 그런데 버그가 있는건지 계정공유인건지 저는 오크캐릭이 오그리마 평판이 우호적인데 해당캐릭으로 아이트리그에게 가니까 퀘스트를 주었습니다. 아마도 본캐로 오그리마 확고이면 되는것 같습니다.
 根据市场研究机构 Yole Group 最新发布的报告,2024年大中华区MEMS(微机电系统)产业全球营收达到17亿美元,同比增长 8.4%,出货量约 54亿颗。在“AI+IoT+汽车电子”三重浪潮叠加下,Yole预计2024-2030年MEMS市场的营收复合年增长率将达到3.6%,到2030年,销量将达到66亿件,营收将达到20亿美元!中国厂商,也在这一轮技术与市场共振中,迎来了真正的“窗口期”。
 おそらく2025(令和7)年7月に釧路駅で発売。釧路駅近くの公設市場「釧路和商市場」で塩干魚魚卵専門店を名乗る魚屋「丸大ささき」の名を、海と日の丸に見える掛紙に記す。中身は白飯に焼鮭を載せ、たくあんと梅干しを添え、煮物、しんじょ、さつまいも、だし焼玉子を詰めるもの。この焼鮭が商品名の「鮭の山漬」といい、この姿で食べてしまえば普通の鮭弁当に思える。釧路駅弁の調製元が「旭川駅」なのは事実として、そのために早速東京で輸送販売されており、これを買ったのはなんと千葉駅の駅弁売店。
-- -- --
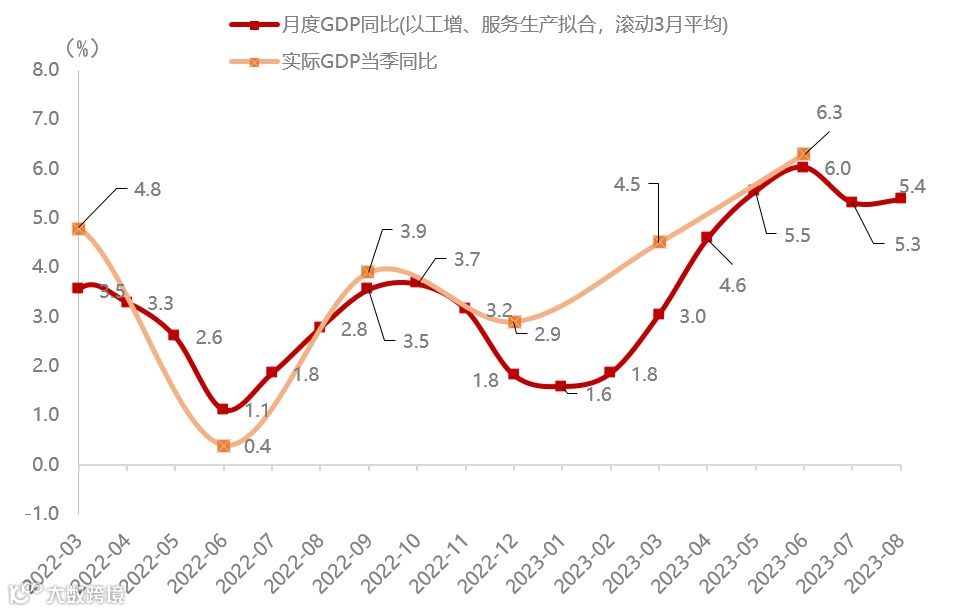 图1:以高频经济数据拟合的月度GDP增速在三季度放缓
-- -- --
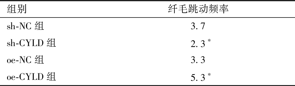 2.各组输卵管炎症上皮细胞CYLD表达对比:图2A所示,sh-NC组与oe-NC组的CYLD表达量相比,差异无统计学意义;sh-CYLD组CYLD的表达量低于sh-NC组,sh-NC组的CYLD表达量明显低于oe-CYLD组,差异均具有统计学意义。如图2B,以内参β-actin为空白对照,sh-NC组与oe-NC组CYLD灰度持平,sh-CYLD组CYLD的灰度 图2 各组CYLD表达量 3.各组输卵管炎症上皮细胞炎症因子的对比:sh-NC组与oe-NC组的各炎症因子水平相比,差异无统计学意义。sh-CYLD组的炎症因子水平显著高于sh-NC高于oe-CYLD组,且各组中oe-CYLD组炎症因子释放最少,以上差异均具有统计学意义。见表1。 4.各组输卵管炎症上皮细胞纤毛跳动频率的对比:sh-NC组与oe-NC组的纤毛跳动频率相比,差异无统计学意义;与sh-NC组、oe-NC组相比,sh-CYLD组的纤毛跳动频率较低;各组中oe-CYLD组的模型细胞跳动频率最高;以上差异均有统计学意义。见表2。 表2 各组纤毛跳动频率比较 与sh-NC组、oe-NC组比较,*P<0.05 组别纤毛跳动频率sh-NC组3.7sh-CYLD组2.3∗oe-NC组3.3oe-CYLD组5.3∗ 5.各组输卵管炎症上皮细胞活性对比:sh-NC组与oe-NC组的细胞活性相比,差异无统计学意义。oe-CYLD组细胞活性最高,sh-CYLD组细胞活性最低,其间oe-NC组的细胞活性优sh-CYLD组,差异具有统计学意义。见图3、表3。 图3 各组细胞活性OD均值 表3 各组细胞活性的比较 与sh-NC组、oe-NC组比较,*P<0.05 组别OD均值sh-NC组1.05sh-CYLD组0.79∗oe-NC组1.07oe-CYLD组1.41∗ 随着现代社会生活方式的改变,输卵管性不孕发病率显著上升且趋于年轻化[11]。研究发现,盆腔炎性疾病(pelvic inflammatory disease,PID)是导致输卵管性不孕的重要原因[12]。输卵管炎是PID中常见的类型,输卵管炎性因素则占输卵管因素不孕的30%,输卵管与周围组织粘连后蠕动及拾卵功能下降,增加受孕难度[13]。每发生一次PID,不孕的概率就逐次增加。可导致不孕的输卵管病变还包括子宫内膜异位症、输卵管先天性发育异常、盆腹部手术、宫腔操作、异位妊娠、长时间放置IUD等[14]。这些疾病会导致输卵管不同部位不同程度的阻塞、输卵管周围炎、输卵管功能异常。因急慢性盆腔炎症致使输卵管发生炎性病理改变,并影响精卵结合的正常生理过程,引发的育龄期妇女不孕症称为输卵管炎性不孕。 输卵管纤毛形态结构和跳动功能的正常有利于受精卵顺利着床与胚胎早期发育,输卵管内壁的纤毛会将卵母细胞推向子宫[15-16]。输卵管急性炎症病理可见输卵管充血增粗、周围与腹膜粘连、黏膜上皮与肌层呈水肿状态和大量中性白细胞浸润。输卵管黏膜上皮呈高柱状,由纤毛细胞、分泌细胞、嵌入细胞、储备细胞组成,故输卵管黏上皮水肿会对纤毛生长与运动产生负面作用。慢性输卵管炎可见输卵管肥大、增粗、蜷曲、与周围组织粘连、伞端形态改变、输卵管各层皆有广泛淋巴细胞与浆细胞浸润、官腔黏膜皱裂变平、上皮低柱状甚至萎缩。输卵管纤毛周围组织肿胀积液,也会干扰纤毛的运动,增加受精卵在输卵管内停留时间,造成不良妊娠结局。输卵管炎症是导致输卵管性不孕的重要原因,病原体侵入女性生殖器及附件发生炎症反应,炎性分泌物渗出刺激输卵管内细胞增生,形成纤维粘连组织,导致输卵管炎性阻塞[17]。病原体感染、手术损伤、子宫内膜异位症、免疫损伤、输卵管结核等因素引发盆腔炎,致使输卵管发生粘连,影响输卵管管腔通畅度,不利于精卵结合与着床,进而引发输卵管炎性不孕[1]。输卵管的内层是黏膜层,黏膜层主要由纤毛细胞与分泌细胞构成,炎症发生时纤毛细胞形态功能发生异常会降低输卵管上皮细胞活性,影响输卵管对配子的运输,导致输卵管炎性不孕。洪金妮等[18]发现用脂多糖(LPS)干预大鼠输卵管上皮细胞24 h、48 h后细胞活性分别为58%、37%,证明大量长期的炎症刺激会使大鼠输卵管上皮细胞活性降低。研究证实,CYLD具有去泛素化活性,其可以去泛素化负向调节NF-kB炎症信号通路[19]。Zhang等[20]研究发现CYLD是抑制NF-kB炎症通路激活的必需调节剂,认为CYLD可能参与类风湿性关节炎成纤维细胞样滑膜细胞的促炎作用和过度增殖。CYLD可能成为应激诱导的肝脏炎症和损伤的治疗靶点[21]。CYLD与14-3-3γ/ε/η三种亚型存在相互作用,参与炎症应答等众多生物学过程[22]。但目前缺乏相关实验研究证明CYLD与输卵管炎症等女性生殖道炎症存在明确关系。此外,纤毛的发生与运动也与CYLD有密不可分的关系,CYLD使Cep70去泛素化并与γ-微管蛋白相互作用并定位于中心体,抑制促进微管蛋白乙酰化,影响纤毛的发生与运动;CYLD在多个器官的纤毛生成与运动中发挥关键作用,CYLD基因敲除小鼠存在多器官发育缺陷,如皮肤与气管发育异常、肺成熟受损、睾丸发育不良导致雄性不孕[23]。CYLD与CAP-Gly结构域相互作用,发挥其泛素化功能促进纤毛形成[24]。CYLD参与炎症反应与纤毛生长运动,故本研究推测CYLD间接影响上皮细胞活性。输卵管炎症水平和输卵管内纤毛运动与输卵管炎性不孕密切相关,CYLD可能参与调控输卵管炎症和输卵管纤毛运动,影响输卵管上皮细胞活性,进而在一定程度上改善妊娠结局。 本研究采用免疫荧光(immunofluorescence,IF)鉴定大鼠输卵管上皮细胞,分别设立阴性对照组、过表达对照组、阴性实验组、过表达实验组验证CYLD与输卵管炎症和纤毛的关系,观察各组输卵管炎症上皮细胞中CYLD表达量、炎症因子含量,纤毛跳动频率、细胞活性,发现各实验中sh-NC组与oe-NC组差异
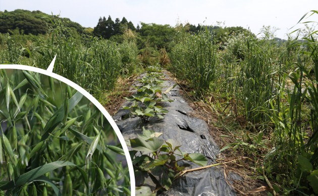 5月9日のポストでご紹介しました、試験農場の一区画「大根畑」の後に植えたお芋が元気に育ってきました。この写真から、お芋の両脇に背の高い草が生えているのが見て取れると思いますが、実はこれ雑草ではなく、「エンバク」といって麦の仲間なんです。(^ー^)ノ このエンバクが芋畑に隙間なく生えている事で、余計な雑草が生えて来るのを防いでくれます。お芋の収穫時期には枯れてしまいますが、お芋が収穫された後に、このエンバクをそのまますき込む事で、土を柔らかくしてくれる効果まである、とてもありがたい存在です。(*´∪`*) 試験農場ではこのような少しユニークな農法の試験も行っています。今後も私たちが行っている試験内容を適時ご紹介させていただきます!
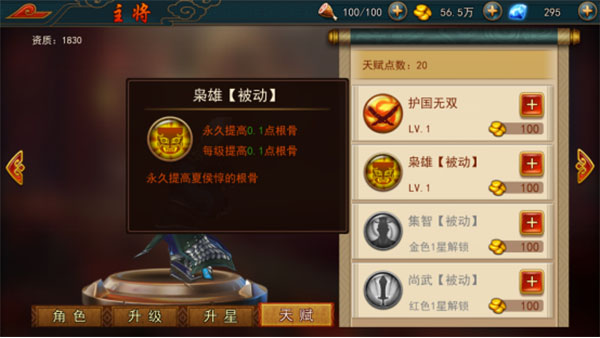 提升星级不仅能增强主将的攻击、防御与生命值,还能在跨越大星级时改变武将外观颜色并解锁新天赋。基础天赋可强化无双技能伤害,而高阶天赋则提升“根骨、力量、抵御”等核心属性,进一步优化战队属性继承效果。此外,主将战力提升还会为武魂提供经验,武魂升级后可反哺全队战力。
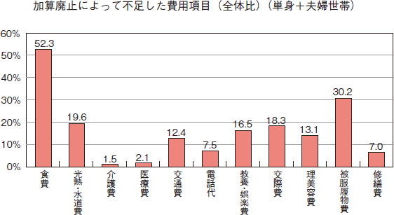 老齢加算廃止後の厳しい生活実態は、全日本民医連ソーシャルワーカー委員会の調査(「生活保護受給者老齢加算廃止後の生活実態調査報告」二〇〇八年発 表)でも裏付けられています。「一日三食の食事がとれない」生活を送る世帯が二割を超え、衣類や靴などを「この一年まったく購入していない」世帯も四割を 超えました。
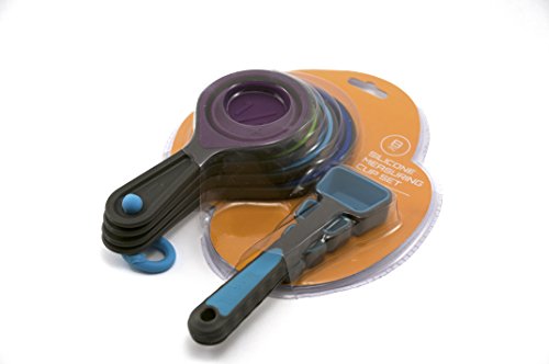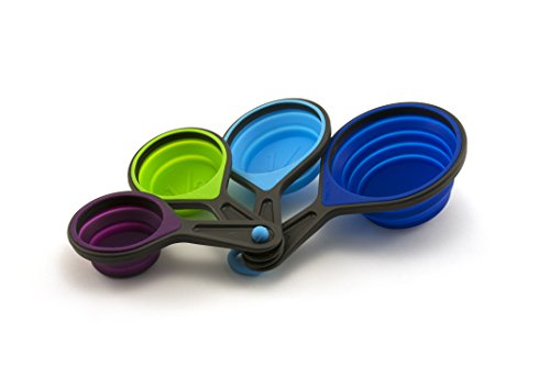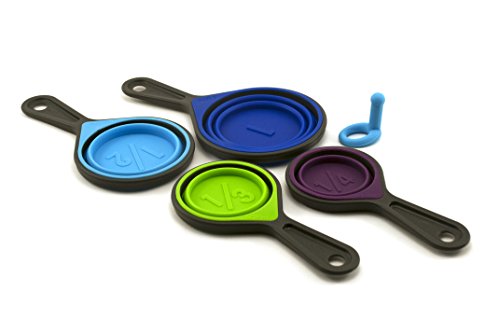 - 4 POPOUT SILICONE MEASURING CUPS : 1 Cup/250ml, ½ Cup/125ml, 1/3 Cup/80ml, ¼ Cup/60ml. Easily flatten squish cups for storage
-- -- --
EXERCISE DESCRIPTION: Everything from the line with "그런데 버그가 있는건지" through the line with "おそらく2025(令和7)年" in the listing above must be retyped exactly, with nothing added.

THE COMPLETED TASK:
 그런데 버그가 있는건지 계정공유인건지 저는 오크캐릭이 오그리마 평판이 우호적인데 해당캐릭으로 아이트리그에게 가니까 퀘스트를 주었습니다. 아마도 본캐로 오그리마 확고이면 되는것 같습니다.
 根据市场研究机构 Yole Group 最新发布的报告,2024年大中华区MEMS(微机电系统)产业全球营收达到17亿美元,同比增长 8.4%,出货量约 54亿颗。在“AI+IoT+汽车电子”三重浪潮叠加下,Yole预计2024-2030年MEMS市场的营收复合年增长率将达到3.6%,到2030年,销量将达到66亿件,营收将达到20亿美元!中国厂商,也在这一轮技术与市场共振中,迎来了真正的“窗口期”。
 おそらく2025(令和7)年7月に釧路駅で発売。釧路駅近くの公設市場「釧路和商市場」で塩干魚魚卵専門店を名乗る魚屋「丸大ささき」の名を、海と日の丸に見える掛紙に記す。中身は白飯に焼鮭を載せ、たくあんと梅干しを添え、煮物、しんじょ、さつまいも、だし焼玉子を詰めるもの。この焼鮭が商品名の「鮭の山漬」といい、この姿で食べてしまえば普通の鮭弁当に思える。釧路駅弁の調製元が「旭川駅」なのは事実として、そのために早速東京で輸送販売されており、これを買ったのはなんと千葉駅の駅弁売店。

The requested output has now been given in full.